The Odd Couple: Season One
Extras
First things first: the packaging of this set is spectacular. The graphics and colour schemes of the fold-out casing are all eye-catching and tasteful. The disc images list which episodes they contain as well as the supplements (which are spread out across all four). This is a great example of DVD packaging being both attractive and practical.

Time Life has equipped every episode with an audio introduction by producer Garry Marshall. The guy may be getting up there in terms of age, but he's not yet lost his wit. These introductions are informative and entertaining to hear before going into any episode. He also does commentaries on selected shows with co-producer Jerry Belson, who's just as lively and fun as Marshall. Performers Jack Klugman and Carole Shelly also do commentaries. The wealth of information provided between his introductions and the commentaries could fill an entire first season episode guide.

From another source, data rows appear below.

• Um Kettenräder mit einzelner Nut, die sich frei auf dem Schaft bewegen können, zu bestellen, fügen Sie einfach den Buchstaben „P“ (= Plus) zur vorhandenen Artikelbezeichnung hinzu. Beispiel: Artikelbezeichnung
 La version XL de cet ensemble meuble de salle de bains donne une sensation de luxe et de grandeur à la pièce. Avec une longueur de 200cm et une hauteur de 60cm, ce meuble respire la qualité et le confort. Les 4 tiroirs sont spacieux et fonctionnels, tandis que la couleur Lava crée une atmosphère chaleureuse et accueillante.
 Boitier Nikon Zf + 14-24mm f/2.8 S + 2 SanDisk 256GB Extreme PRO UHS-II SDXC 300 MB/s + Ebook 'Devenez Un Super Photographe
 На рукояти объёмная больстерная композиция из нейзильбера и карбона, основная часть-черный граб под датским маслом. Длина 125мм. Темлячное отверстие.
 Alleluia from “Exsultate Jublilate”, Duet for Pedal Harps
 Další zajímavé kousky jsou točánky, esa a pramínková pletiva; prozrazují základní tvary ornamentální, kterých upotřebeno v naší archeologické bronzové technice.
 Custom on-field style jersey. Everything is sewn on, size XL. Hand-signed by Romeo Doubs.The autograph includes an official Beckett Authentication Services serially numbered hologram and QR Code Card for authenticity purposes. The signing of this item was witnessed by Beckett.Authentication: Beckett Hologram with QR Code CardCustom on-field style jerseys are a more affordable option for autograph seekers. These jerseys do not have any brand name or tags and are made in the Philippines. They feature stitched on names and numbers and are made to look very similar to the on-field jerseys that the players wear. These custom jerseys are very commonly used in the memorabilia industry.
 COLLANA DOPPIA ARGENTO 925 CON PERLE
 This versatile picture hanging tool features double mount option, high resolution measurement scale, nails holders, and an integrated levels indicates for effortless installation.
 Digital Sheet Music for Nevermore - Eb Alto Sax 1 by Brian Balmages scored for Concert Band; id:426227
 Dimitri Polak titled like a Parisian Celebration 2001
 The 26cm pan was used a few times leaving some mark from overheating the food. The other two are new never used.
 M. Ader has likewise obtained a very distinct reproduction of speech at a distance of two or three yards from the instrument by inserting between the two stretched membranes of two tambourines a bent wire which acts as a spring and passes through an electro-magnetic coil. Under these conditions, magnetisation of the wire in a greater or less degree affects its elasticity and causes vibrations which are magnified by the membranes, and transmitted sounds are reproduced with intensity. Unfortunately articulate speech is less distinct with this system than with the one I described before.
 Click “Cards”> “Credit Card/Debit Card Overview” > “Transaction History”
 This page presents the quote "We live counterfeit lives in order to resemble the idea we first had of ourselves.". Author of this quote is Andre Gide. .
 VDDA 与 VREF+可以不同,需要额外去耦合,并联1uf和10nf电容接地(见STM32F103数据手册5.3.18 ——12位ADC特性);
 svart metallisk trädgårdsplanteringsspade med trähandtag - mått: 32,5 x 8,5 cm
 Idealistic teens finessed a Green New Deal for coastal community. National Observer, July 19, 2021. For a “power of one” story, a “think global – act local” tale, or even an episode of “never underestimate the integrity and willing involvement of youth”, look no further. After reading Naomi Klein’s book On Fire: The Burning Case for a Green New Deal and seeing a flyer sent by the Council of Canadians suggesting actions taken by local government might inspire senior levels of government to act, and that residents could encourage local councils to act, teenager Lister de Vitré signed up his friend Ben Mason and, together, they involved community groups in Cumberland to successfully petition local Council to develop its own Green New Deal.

On disc one, we're treated to a six minute appearance by Tony Randall on 'The Mike Douglas Show' dated 9th September 1970, just before The Odd Couple was broadcast. Randall talks about his expectations for the series and expresses his anxiousness to see how it rates with the public—a fascinating supplement. Also included is a one-minute commercial from ABC showing clips presumably from the pilot (not included here) to promote the series. Disc Two takes us back to 'The Mike Douglas Show' from 19th November 1970 with Randall and Klugman appearing. It also features another series promo spot.

The third disc is home to six minutes’ worth of home video footage from Jack Klugman's tour promoting his seemingly insightful 'Tony and Me' book. He reminisces before several audiences and takes questions. The fourth disc features a far-too-short gag reel and a scene of Randall and Klugman performing the stage play in 1993. Rounding out the set is a clip of Jack Klugman accepting his 1971 Emmy for his work on the show, which can be viewed with or without commentary.

The Odd Couple: Season One
Overall
I wouldn't hesitate to call The Odd Couple a classic sitcom—nor would I hesitate to say this one of strongest first seasons I've ever seen for any series, sitcom or not. Time Life has packaged the show well and loaded it with a substantial offering of bonus features. As a casual fan, I'm more than satisfied with this set and without reservation, recommend it to all fans of classic television.